*** SUPPLIED MATERIAL Section Begins ***
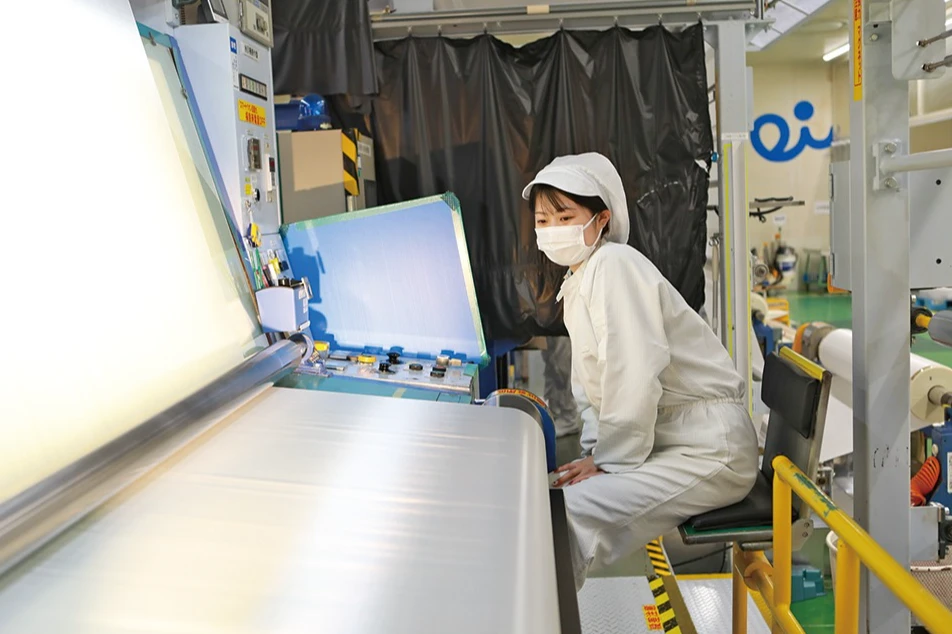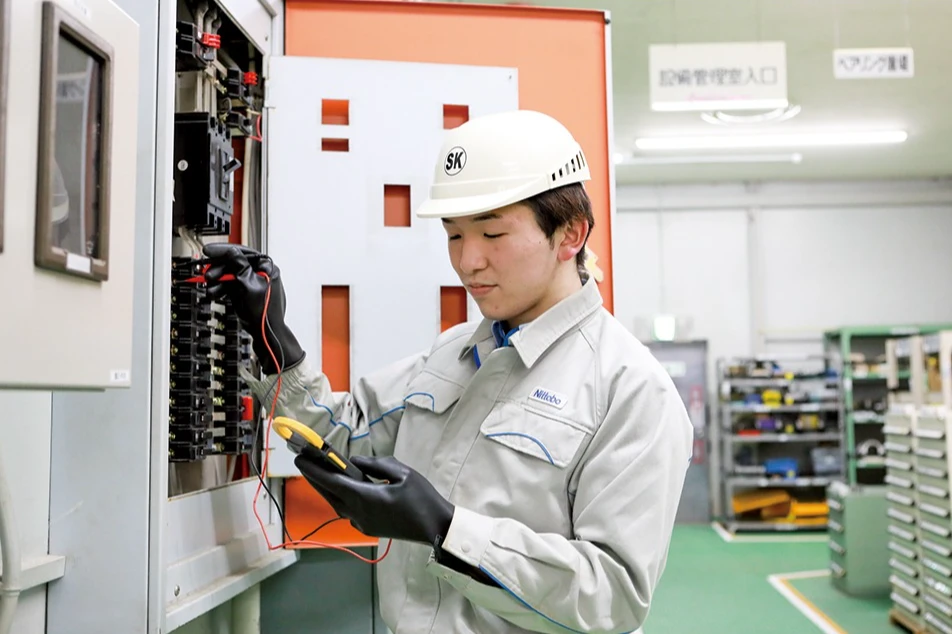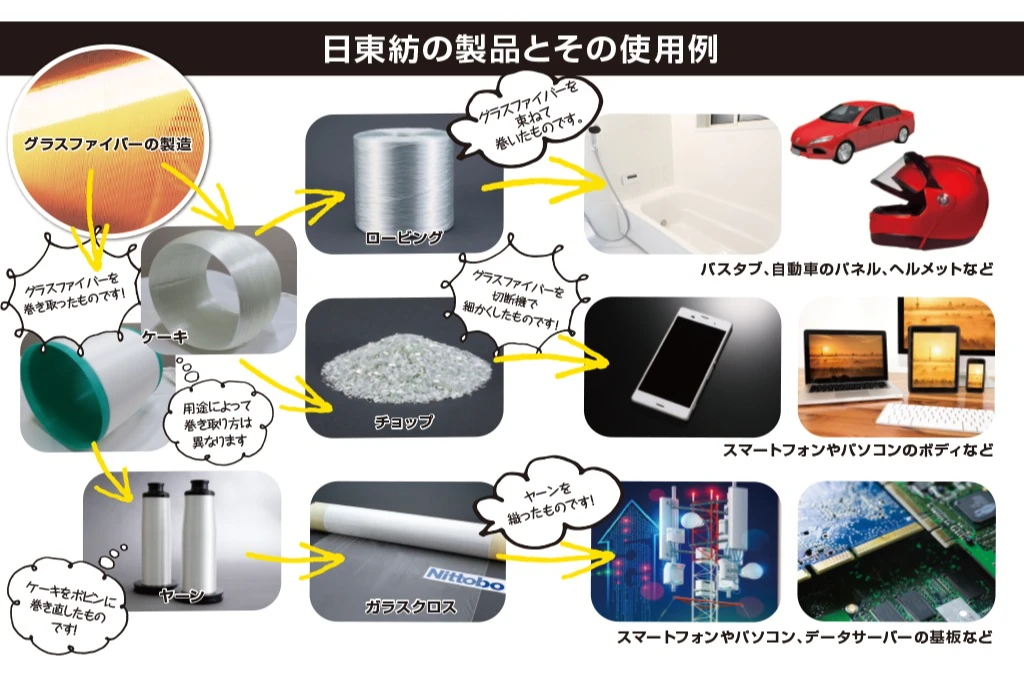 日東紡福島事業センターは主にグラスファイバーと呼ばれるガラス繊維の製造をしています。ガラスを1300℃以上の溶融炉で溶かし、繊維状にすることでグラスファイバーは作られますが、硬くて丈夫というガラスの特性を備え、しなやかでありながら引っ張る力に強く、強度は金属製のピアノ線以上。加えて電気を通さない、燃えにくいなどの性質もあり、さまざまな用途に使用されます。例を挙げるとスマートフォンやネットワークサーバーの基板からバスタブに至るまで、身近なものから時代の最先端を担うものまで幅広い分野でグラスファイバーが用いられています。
*** SUPPLIED MATERIAL Section Ends ***
*** SUPPLIED MATERIAL Section Begins ***
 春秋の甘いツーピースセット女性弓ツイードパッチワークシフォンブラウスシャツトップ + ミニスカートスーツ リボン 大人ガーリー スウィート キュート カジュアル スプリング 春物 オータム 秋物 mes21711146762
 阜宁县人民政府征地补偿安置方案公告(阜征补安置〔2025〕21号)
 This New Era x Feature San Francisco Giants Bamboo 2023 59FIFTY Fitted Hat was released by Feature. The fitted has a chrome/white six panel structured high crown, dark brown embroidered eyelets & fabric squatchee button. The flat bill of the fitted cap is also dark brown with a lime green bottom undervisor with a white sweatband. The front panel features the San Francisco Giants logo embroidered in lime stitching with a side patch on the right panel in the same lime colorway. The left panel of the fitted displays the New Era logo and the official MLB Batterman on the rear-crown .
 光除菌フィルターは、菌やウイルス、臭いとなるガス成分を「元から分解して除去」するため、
*** SUPPLIED MATERIAL Section Ends ***
*WHAT YOU NEED TO DO*
Reproduce exactly, and with no other material, the lines between those holding "春秋の甘いツーピースセット女性弓ツイードパッチワークシフォンブラウスシャツトップ + ミニスカートスーツ" and "阜宁县人民政府征地补偿安置方案公告(阜征补安置〔2025〕21号)", inclusive.

*REPLY*
 春秋の甘いツーピースセット女性弓ツイードパッチワークシフォンブラウスシャツトップ + ミニスカートスーツ リボン 大人ガーリー スウィート キュート カジュアル スプリング 春物 オータム 秋物 mes21711146762
 阜宁县人民政府征地补偿安置方案公告(阜征补安置〔2025〕21号)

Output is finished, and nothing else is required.